Decisional Procrastination: Assessing Characterological and Contextual Variables around Indecision

  • Joseph R. FerrariEmail author
  • Kendall P. Crum
  • Matthew A. Pardo
Article

Abstract

University students (n = 75; M age = 21.4 years old) and community adults (n = 55: M age = 36.6 years old) completed self-reported measures of decisional procrastination (indecision), character (life satisfaction, meaningful life, and need for cognition), context (place attachment, sense of community, and psychological home) and “cross-over” factors relating character and context (self-identity with possessions, people/thing orientation, and clutter), to provide an ecological understanding of persons who claim indecision.
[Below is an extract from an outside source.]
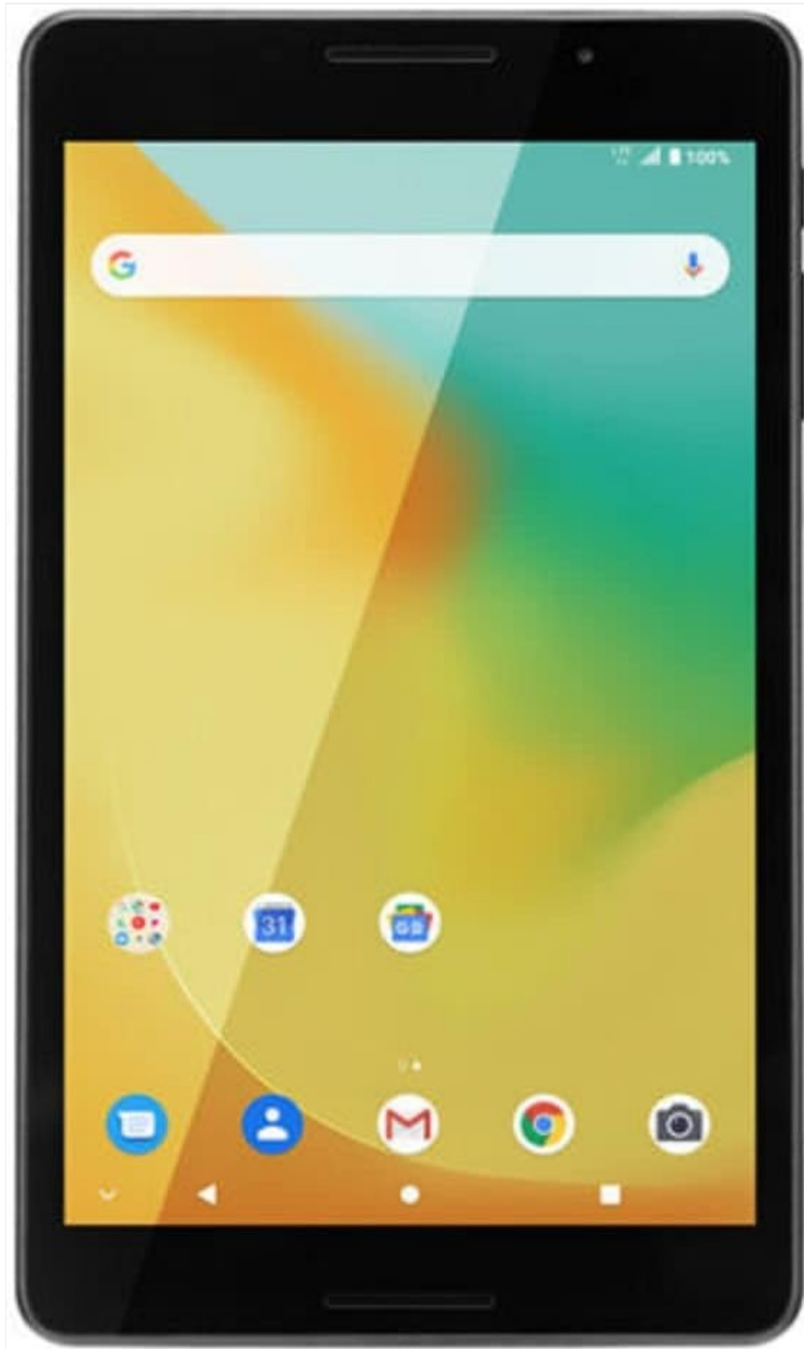
Figure 5.1: Front view of the ZTE Grand X View 4 tablet, showing the vibrant home screen with various app icons.

The tablet features a 5MP rear camera. Open the Camera app from the home screen or app drawer. Tap the shutter button to take a photo. You can switch between photo and video modes within the app.

Controlling for social desirability tendencies, indecision was negatively related to all character but none of the context variables. Indecision also was related to both person and thing orientation and clutter. Multiple regression analysis indicated that only need for cognition significantly predicted (negatively) indecision among character, context, and cross-over variable sets. Subjective well-being also predicted indecision with low need for cognition among cross-over variables. Taken together, decisional procrastinators reported too much clutter (stuff), interfering with a positive quality of life and related to character over context and cross-over, ecological variables.

Keywords

Procrastination Clutter Possessions Ecological context Social relations 

Notes

Acknowledgements

Authors are grateful to Trina and Angela Dao for presenting this work at the 2017 biennial Procrastination Conference in Chicago, IL.

Funding

This study was not funded by any grant.

Compliance with Ethical Standards

Ethical Approval

All procedures performed in studies involving human participants were in accordance with the ethical standards of the institutional and/or national research committee and with the 1964 Helsinki declaration and its later amendments or comparable ethical standards.

Informed Consent

Informed consent was obtained from all individual participants included in the study.

Conflict of Interest

JR Ferrari declares that he has no conflict of interest. C Roster and M Pardo declare each that they have no conflict of interest.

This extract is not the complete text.